Simplify regex code in C#: Add a space between a digit/decimal and unit
I have a regex code written in C# that basically adds a space between a number and a unit with some exceptions:
dosage_value = Regex.Replace(dosage_value, @"(\d)\s+", @"$1");
dosage_value = Regex.Replace(dosage_value, @"(\d)%\s+", @"$1%");
dosage_value = Regex.Replace(dosage_value, @"(\d+(\.\d+)?)", @"$1 ");
dosage_value = Regex.Replace(dosage_value, @"(\d)\s+%", @"$1% ");
dosage_value = Regex.Replace(dosage_value, @"(\d)\s+:", @"$1:");
dosage_value = Regex.Replace(dosage_value, @"(\d)\s+e", @"$1e");
dosage_value = Regex.Replace(dosage_value, @"(\d)\s+E", @"$1E");
Example:
10ANYUNIT
10:something
10 : something
10 %
40 e-5
40 E-05
should become
10 ANYUNIT
10:something
10: something
10%
40e-5
40E-05
Exceptions are: %, E, e and :
.
I have tried, but since my regex knowledge is not top-notch, would someone be able to help me reduce this code with same expected results?
Thank you!
For your example data, you might use 2 capture groups where the second group is in an optional part.
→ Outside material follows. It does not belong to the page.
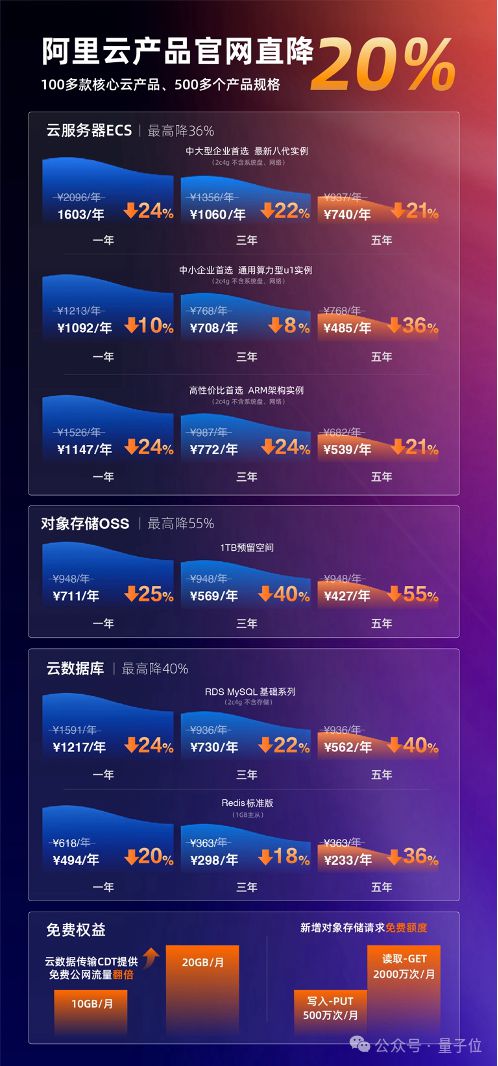 其中,云服務器ECS最高降36%,對象存儲OSS最高降55%,云數(shù)據庫RDS最高降40%。

In the callback of replace, check if capture group 2 exists. If it does, use is in the replacement, else add a space.
(\d+(?:\.\d+)?)(?:\s*([%:eE]))?
-
(
Capture group 1-
\d+(?:\.\d+)?
match 1+ digits with an optional decimal part
-
-
)
Close group 1 -
(?:
Non capture group to match a as a whole-
\s*([%:eE])
Match optional whitespace chars, and capture 1 of%
:
e
E
in group 2
-
-
)?
Close non capture group and make it optional
.NET regex demo
string[] strings = new string[]
{
"10ANYUNIT",
"10:something",
"10 : something",
"10 %",
"40 e-5",
"40 E-05",
};
string pattern = @"(\d+(?:\.\d+)?)(?:\s*([%:eE]))?";
var result = strings.Select(s =>
Regex.Replace(
s, pattern, m =>
m.Groups[1].Value + (m.Groups[2].Success ? m.Groups[2].Value : " ")
)
);
Array.ForEach(result.ToArray(), Console.WriteLine);
Output
10 ANYUNIT
10:something
10: something
10%
40e-5
40E-05
As in .NET \d
can also match digits from other languages, \s
can also match a newline and the start of the pattern might be a partial match, a bit more precise match can be:
\b([0-9]+(?:\.[0-9]+)?)(?:[\p{Zs}\t]*([%:eE]))?